California's schools chief on Monday reluctantly accepted Westminster School District's novel approach to an antidiscrimination law -- a decision that grants a dramatic victory to three beleaguered trustees and removes, for now, the threat of lost funding.
The three, who form a majority on the Westminster board, have cited their Christian beliefs in insisting that the district not adopt word-for-word a state policy that allows students and staff members to define their own gender.
Westminster is the only one of California's 1,056 school districts that has refused to adopt the language, and faced the loss of $8 million in annual state and federal funding. The stance, which angered many parents and teachers, led to a recall campaign and proposed legislation that would allow the state to take over the district.
California Supt. of Public Instruction Jack O'Connell announced Monday that the modified policy the board adopted last week technically complies with state law that protects gays, as well as transsexuals and others who do not conform to traditional gender roles.
But in a stern letter to the district's five trustees, O'Connell said he did not trust that the board's majority intended to adhere to the law and promised to scrutinize the district for possible violations.
"I want to again express my disappointment that those who took an oath to educate children would abuse their elected positions and attempt to flout the law," O'Connell wrote. "This sets a destructive example for our children and is contrary to the democratic values of our society. Our children deserve better."
But trustee Judy Ahrens, who led the board's resistance to the state law, said students were the winners.

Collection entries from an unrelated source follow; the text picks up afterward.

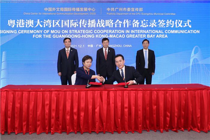 12月1日,中國外文局所屬中國對外書刊出版發行中心(國際傳播發展中心)與廣州市委宣傳部粵港澳大灣區國際傳播戰略合作簽約儀式在2021年“讀懂中國”國際會議(廣州)期間舉行。中國外文局局長杜占元,副局長陸彩榮和廣州市委常委、宣傳部長杜新山出席活動。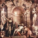 Una donna a sinistra tiene sollevata la testa di Gesù; un’altra, con la testa voltata, gli tiene una mano. In alto, altre due chiudono la scena.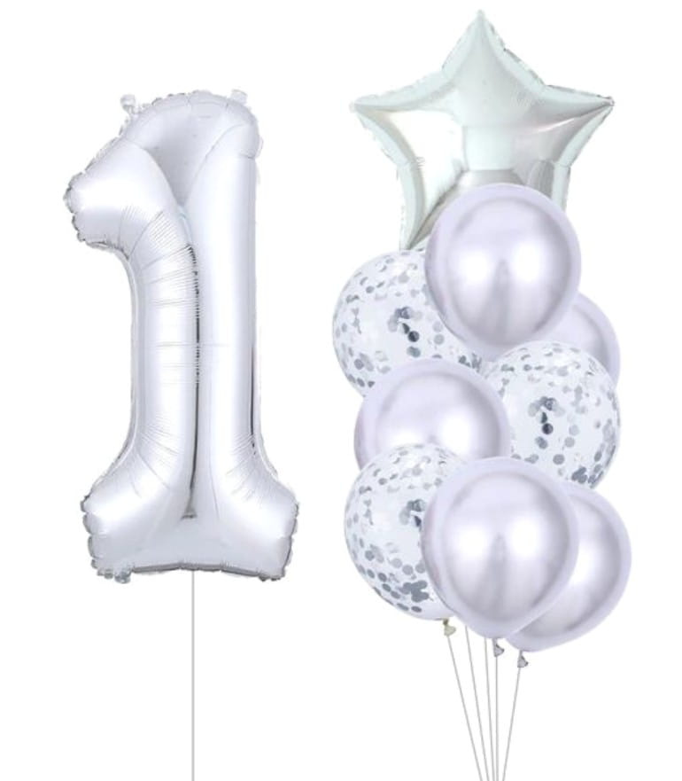 Frumoasele baloane argintii de 10 bucăți pentru zile de naștere din magazinul nostru online, sunt foarte populare. Setul include opt baloane clasice din latex, un produs din folie de acest tip în formă de stea și un al doilea balon din folie care seamănă cu numărul unu.
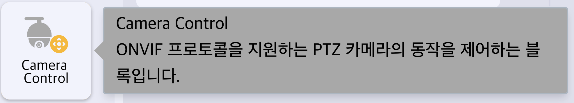 Camera Control 블록은 ONVIF 프로토콜을 지원하는 PTZ 카메라의 동작을 제어하는 블록입니다. 카메라에 저장된 **프리셋(preset)**을 변경할 수 있으며, 블록 상단의 수정 버튼을 눌러 설정할 수 있습니다.
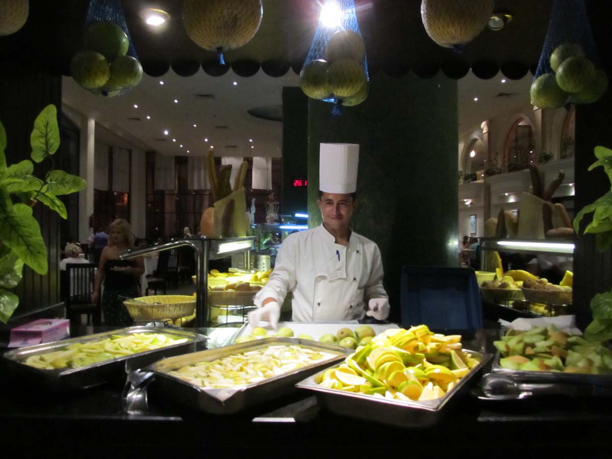 Чесно кажучи, в снек-барах біля басейнів можна було так наїстись, що обід би уже не вліз. О 12:00 аквапарк закривався на перерву, а це означає, що час обіду! Це був не просто обід, це було справжнє бенкетування – велика різноманітність м’ясних страв, салати: грецький, шуба, олів’є, смачне морозиво. Кухар готують при тобі свої шедеври. Дитячі аніматори у вигляді різних веселих персонажів закликали дітей поїсти у спеціальну дитячу зону. Бармени на швидкість наливали безлімітного пива та вина. Мишко швидко зрозумів фішку ол інклюзива і вимагав все нових і нових смаколиків.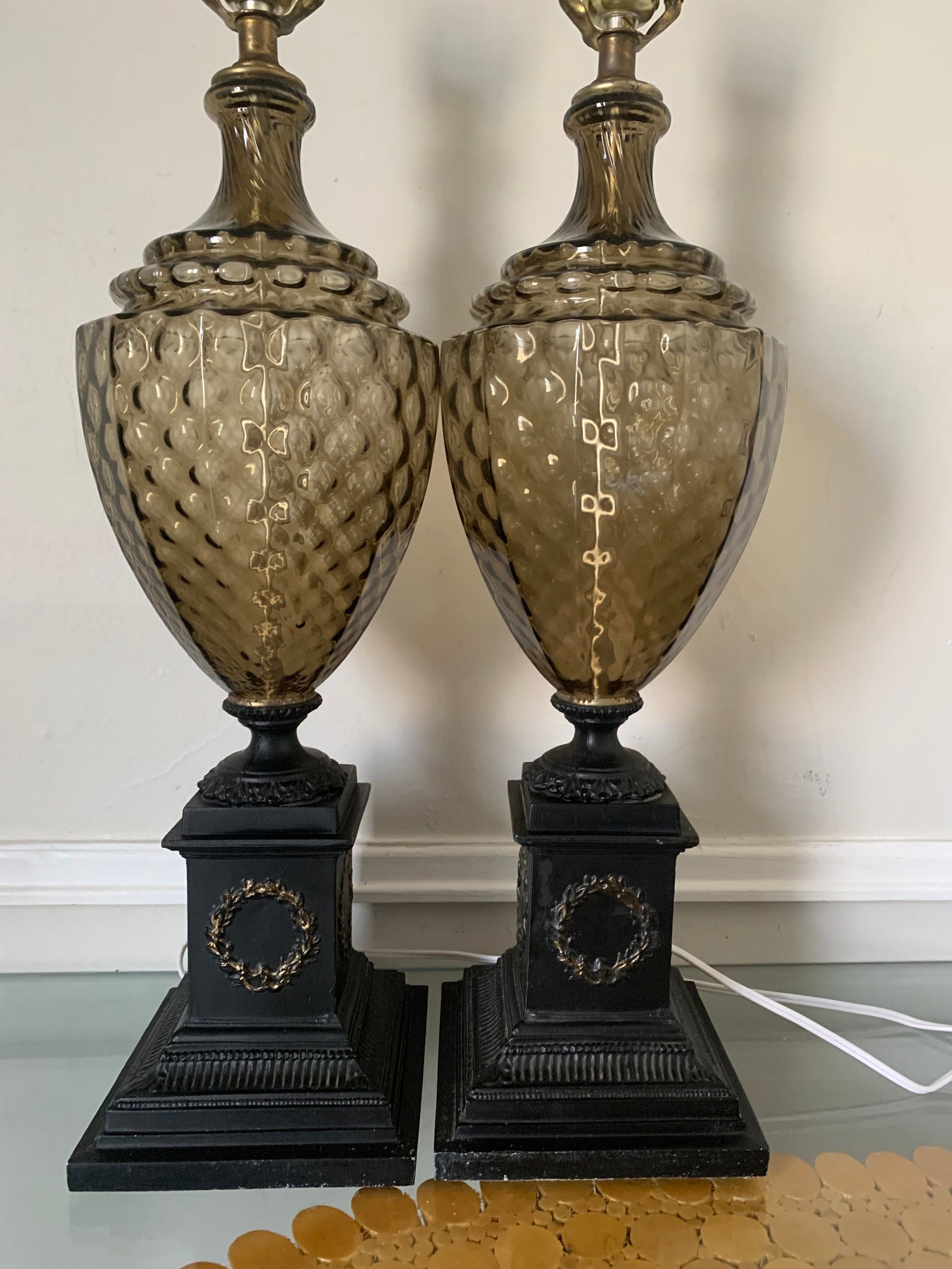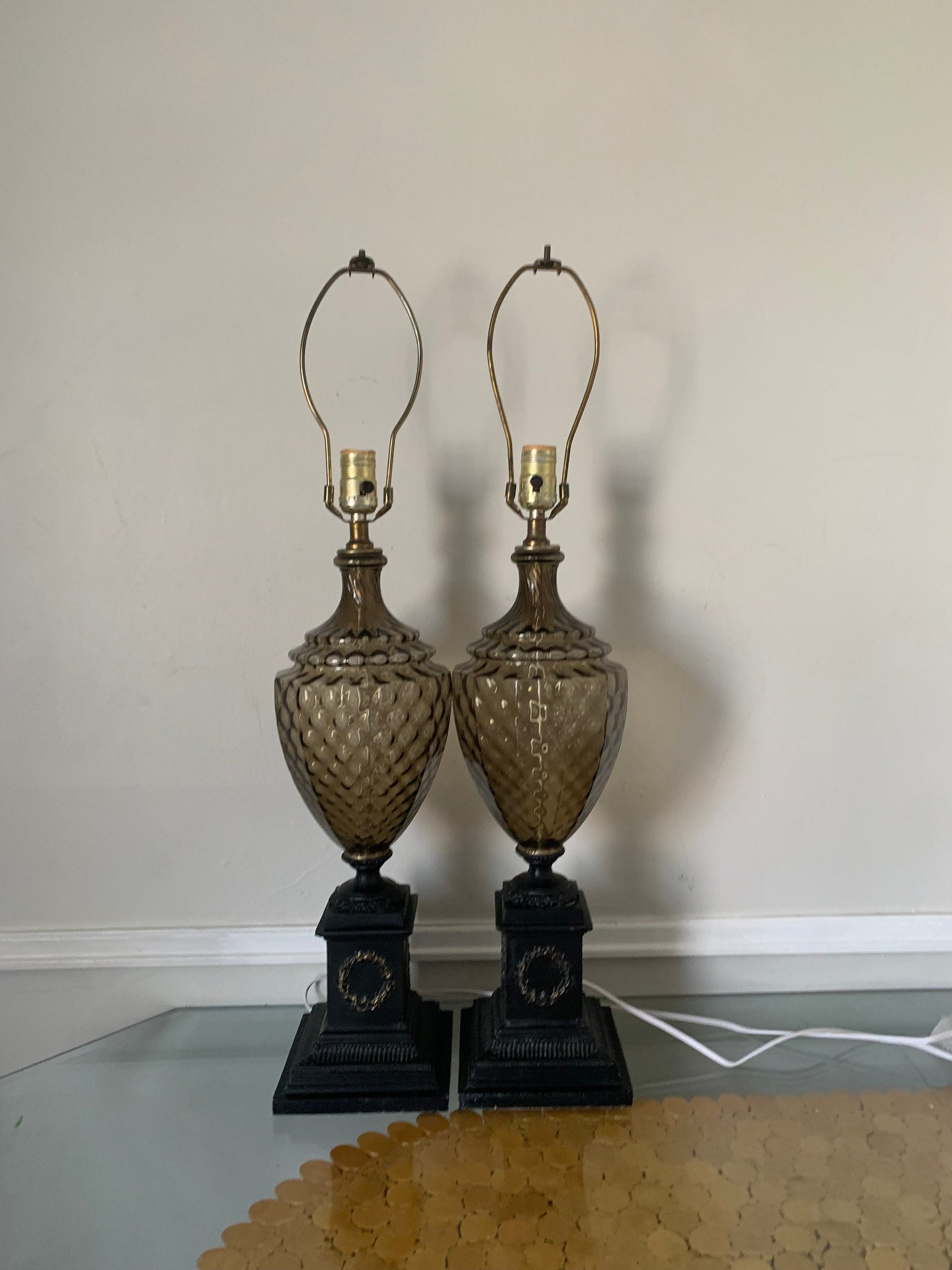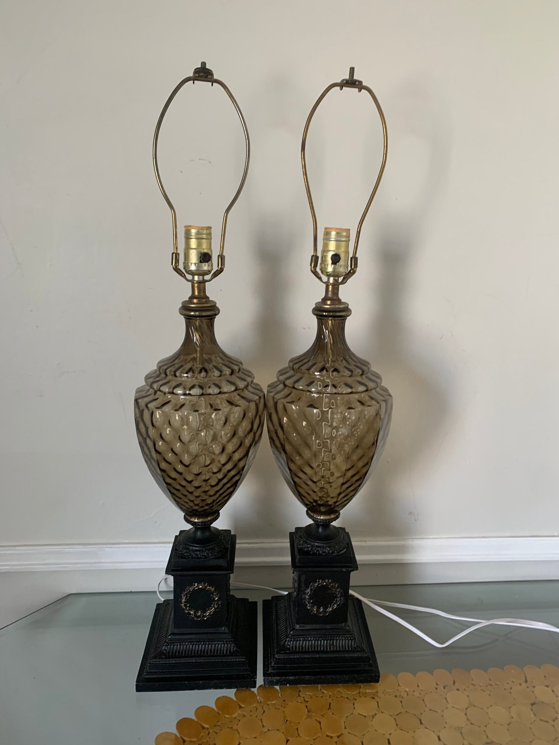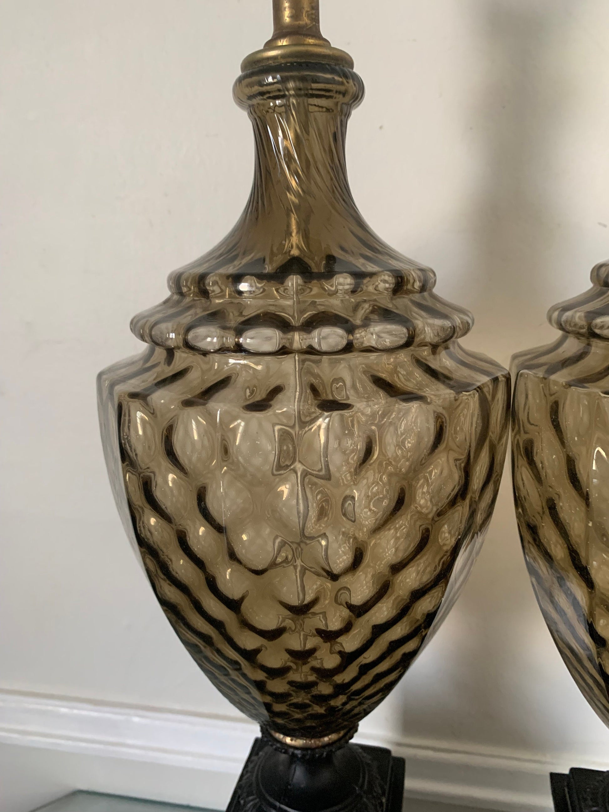 Pair of MCM Vintage Smokey Topaz Glass and Brass Table Lamps No Shades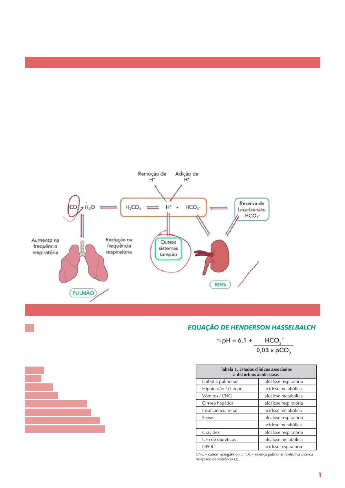 @medsurtoo Nivya Moraes P7/UC21 - UNIT AL GASOMETRIA INTRODUÇÃO Objetivos da gasometria: ● Diagnosticar distúrbios do equilíbrio ácidobásico ● Analisar a distribuição de oxigênio para os tecidos ● Pode ser útil na avaliação de eletrólitos e hemoglobina, mas requer calibragem acurada no gasômetro Sangue arterial é coletado da artéria radial ou artéria femoral com seringa heparinizada Produção diária de carga ácida: ● Ácidos voláteis: metabolismo dos carboidratos, eliminados pelos pulmões na forma de CO2 ● Ácidos fixos: metabolismo das proteínas, gorduras e aminoácidos, eliminados pelos rins DISTÚRBIOS DO METABOLISMO ÁCIDO-BASE PH: É o logaritmo negativo da concentração do íon H+, que é igual a concentração de íons H+ quando o coeficiente de atividade é unitário. Potencial de hidrogênio. Representa a concentração de H+; Logarítmica (Equação de Henderson Hasselbach) - DP ao HCO3- e IP ao PCO2 ÁCIDO: Substância capaz de doar prótons ou íons H+ BASE: Substância capaz de receber prótons ou íons H+ ACIDEMIA: pH do sangue arterial menor que 7,35 (H+> 44 nmol/L). ALCALEMIA: pH do sangue arterial maior que 7,45 (H+< 36 nmol/L). ACIDOSE E ALCALOSE: processos que tendem a variar o pH ACIDEMIA E ALCALEMIA: relacionadas com a quantidade de pH DISTÚRBIOS METABÓLICOS: mexem no bicarbonato DISTÚRBIOS RESPIRATÓRIOS: mexem no pCO2 1 @medsurtoo Nivya Moraes P7/UC21 - UNIT AL acidose metabólica DEFINIÇÃO: processo patológico com tendência à acidemia, que cursa com redução dos níveis séricos de bicarbonato. HCO3- < 22mEq/L REPERCUSSÕES CLÍNICAS: ● Causa de parada cardiorrespiratória ● Reduz resposta dos receptores adrenérgicos: queda no inotropismo, vasoplegia (hipotensão!) ● Resposta compensatória: tentativa de eliminar CO2 (ritmo de Kussmaul) CLASSIFICAÇÃO Acidose metabólica AG aumentado - AG aumenta quando tem um ácido que se dissocie em um H+ e um ânion (ex.: ácido lático ⇌ lactato + H+) Causas: ○ Acidose lática (choque é a principal causa, drogas - ex.: metformina) ○ Disfunção renal (aguda ou crônica - acumula ácidos como o sulfúrico) ○ Intoxicações ■ Álcoois tóxicos - ex1.: metanol em bebidas adulteradas, clínica de baixa acuidade visual antes de paciente piorar pelo acometimento do nervo óptico devido à toxicidade do ácido fórmico. ex2.: etilenoglicol: anticongelante, formação de cristais de oxalato de cálcio na urina. TTO: etanol ■ Salicilatos: pode cursar com alcalose respiratória. ex.: abuso de AAS ■ Cetoacidoses (diabética, alcoólica, jejum prolongado) Acidose metabólica AG normal Causas: ○ Renais ■ Acidoses tubulares renais: ocorrem por alteração em um dos segmentos do néfron. Não há ganho de novos ácidos! ATR 2: Problema no TCP resultando em prejuízo na reabsorção de HCO3- e bicarbonatúria. Causas: mieloma múltiplo, acetazolamida, aminoglicosídeos. Síndrome de Fanconi é a disfunção completa do TCP com aminoacidúria, glicosúria e fosfatúria além de alcalose metabólica. 2 @medsurtoo Nivya Moraes P7/UC21 - UNIT AL ATR 1: Problema no TCD resultando em redução da secreção de H+, cursa com hipocalemia e pH urinário alcalino. Causas: Sjogren, paraproteinemias, anfotericina B. Tem relação com distúrbios minerais e ósseos, como osteopenia, nefrolitíase e nefrocalcinose ATR 4: Problema no túbulo coletor com redução ou bloqueio da aldosterona (em situações normais a aldosterona estimula a reabsorção de sódio no túbulo coletor). Cursa com acidose metabólica AG normal e hipercalemia. Causas: hipoaldosteronismo hiporreninêmico, espironolactona, IECA/BRA. ○ Extra-renais ■ Diarreias: perda de secreção rica em bicarbonato. ■ Ureterossigmoidostomia: reabsorção de cloreto em troca de bicarbonato ■ Soro fisiológico: aporte excessivo de cloreto alcalose metabólica DEFINIÇÃO: processo patológico com tendência à alcalemia, que cursa com aumento dos níveis séricos de bicarbonato. HCO3- > 26mEq/L ASPECTOS FISIOLÓGICOS QUE PERPETUAM A ALCALOSE METABÓLICA: ● Hipovolemia: aumenta a reabsorção de Na+ no TCP ● HIpocloremia: o cloro é essencial para a rebsorção de Na+ no TCP ● Hipocalemia: no coletor, quando há reabsorção de Na+, há secreção de K+ ou H+ 3 @medsurtoo Nivya Moraes P7/UC21 - UNIT AL Causas: ○ Hipovolêmicas Renais/Cloreto sensíveis ■ Diuréticos de alça - NKCC2 na alça de Henle. Alcalose metabólica com hipocalemia ■ Diuréticos tiazídicos - NaCl no TCD. Alcalose metabólica com hipocalemia ■ Síndrome de Battter “furosemida like” ■ Síndrome de Gitelman “tiazídico like” ○ Hipovolêmicas Extrarrenais/Cloreto sensíveis ■ Perda de conteúdo gástrico (vômitos, SNG aberta) - alcalose metabólica hipoclorêmica, hipocalêmica ■ HCI ■ Perda urinária de potássio é explicada pelo aumento da secreção no néfron distal ○ Normo/Hipervolêmicas - causas renais ■ Não melhoram com a reposição de cloreto! ■ Hiperaldosteronismo: hipertensão, hipocalemia, alcalose metabólica ■ Síndrome de Cushing: atividade mineralocorticoide ○ Normo/Hipervolêmicas - causas extrarrenais ■ Não melhoram com a reposição de cloreto! ■ Administração de NaHCO3: hipernatremia, alcalose metabólica, hipocalemia, hipocalcemia ■ Hemotransfusão maciça: hipocalcemia, hipotermia, hipercalemia, alcalose metabólica acidose respiratória Caracterizada pelo aumento primário da pCO2. Tendência à acidemia. Pode ser aguda ou crônica HIPOVENTILAÇÃO: retém muito CO2 -> CO2 acumula -> diminui pH -> acidose respiratória CLÍNICA: ● Sintomas neurológicos mais proeminentes pela fácil difusão do CO2 para o SNC ● Confusão mental ● Flapping ● Tremores ● Coma ACIDOSE RESPIRATÓRIA AGUDA MECANISMOS CAUSAS Alterações neuromusculares ● Lesão de tronco ou medula ● Síndrome de Guillain-Barré ● Miastenia gravis ● Drogas Obstrução de vias respiratórias ● Corpo 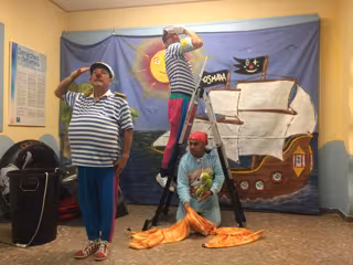 Los niños ingresados en la unidad de Pediatría del Hospital Costa del Sol han asistido a la representación de la obra de teatro 'Florentina y la isla del tesoro verde' gracias a la colaboración altruista de la compañía Osmara Teatro.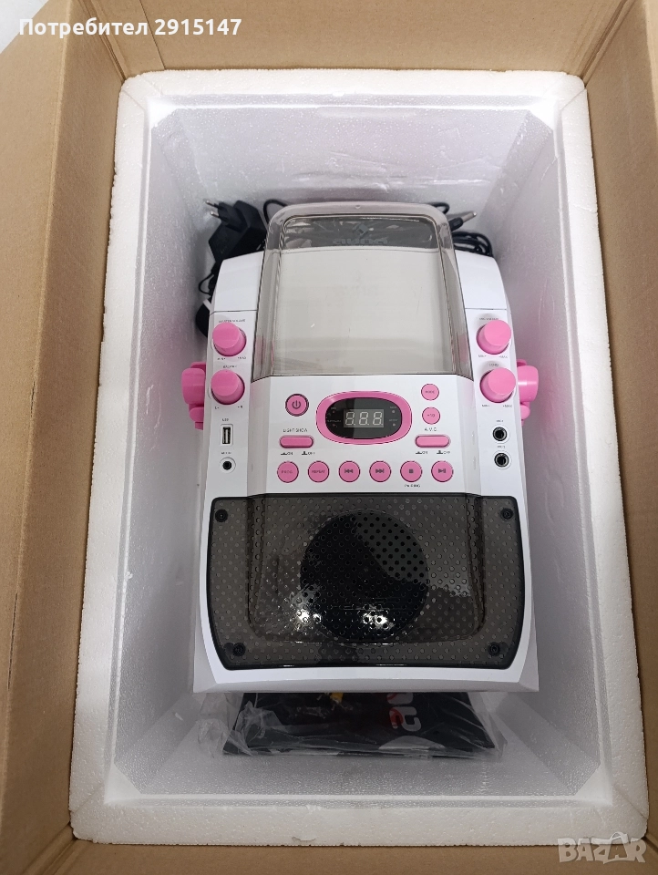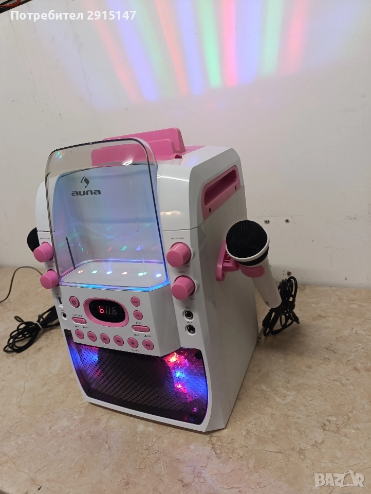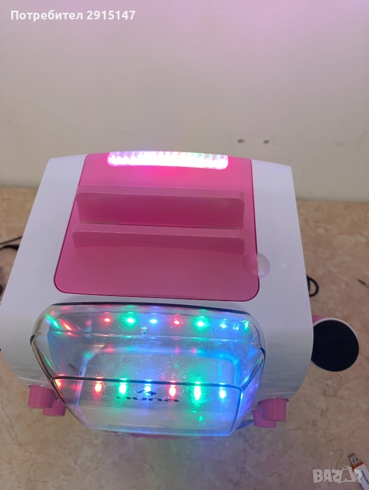 стилен дизайн: караоке устройство с многоцветен светодиоден ефект, чувствителен към музика, светлинно шоу и фонтан с вода
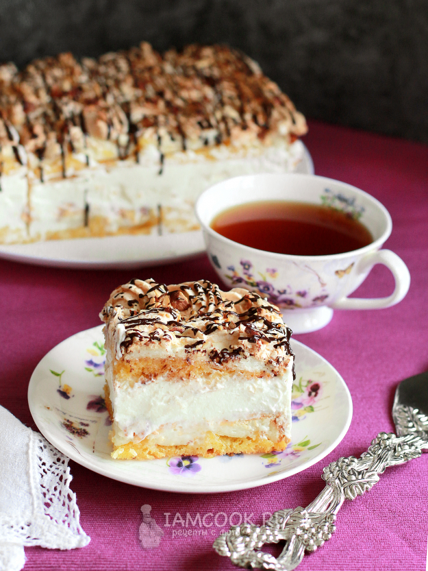 Духовку разогрейте до 170 градусов. Выпекайте корж с меренгой примерно 30-35 минут. Ориентируйтесь по своей духовке. Поверхность меренги должна слегка зарумяниться, а тесто внутри - полностью пропечься. Если меренга начинает быстро темнеть, то накройте ее фольгой.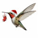 "hummingbird wearing red santa hat", "holding sock christmas decoration", "bootie stocking tree ornament", "flying humming bird in flight", "ruby throated throat", "christmassy funny humorous humor", "cute wildlife birds fly", "hummer birding nature animals", "personalized customized personal", "custom monogram letter initial"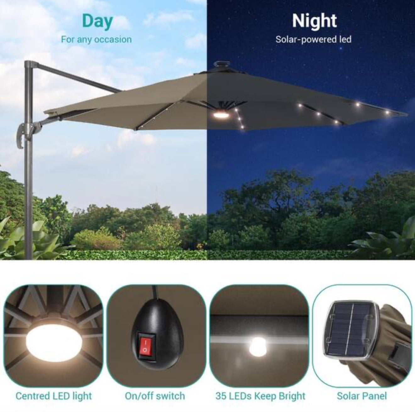 -Solar-powered brilliance our 11 ft. patio cantilever umbrella embraces eco-friendly technology with a solar-powered panel that illuminates 35 built-in LED light bulbs these energy-efficient lights create a warm and inviting ambiance
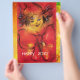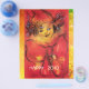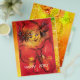 Colourful ,whimsical ,vibrant,artistic clown portrait with a fancy red ribbon,watercolor painting in red,yellow,brown colours inspired from Carnival of Venice.Elegant design, easy to customise with your initials and your own text.
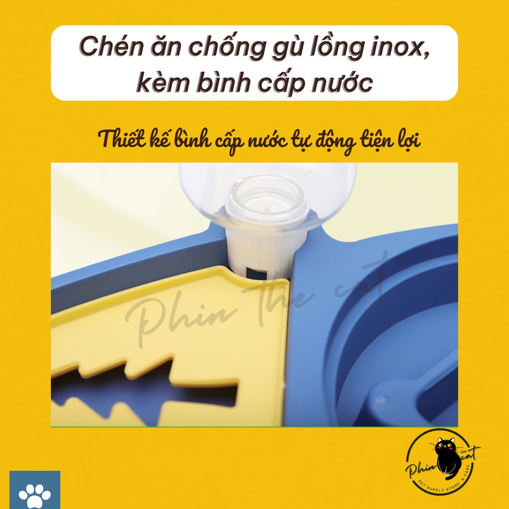 Giới thiệu [Ảnh thật] Chén ăn chống gù, lồng inox, kèm bình cấp nước - Dễ tháo lắp vệ sinh, bảo vệ cột sống Boss yêu | phinthecat

"This is a victory for the kids. Anything else would have been dangerous for them," Ahrens said. "I've been through so much, so much. Finally, something right has been done in Sacramento."
For months, she and fellow trustees Helena Rutkowski and Blossie Marquez-Woodcock rejected the wording of the state law that allows students and teachers to define their own gender when making a discrimination complaint. The three said the law was immoral and would allow transsexuals to promote alternative lifestyles in the classroom.
Last week, as a state deadline expired, the divided board voted to revise the district's policy for handling discrimination complaints as O'Connell's office had demanded. But in rewriting the policy, they rejected the idea that someone can define their own gender when making a complaint.
Instead, the trustees approved a policy that defines a person's gender as their biological sex or, in the case of discrimination, what it was perceived to be by an alleged discriminator.
The three trustees' stance has pitted them against other board members, teachers and parents who have accused them of jeopardizing district funding, while following personal beliefs instead of state law.
Louise MacIntyre, president for the district PTA, said O'Connell's decision would not alter plans to recall Ahrens and Marquez-Woodcock. Rutkowski, whose term expires in November, is not targeted.
"I'm relieved that there will not be any financial impact, but these women have gotten by on a technicality," she said. "For the past two months they have held our 10,000 kids hostage. Their agenda is obviously not in the best interest of the children."
Similarly, state Sen. Joseph Dunn (D-Santa Ana) said he would continue to pursue a bill that would allow the state to take control of any school district that failed to comply with state law.
"In no way am I going to terminate my plans for legislation," Dunn said. "If there is ever a future claim of discrimination, this board will never act in compliance with the law."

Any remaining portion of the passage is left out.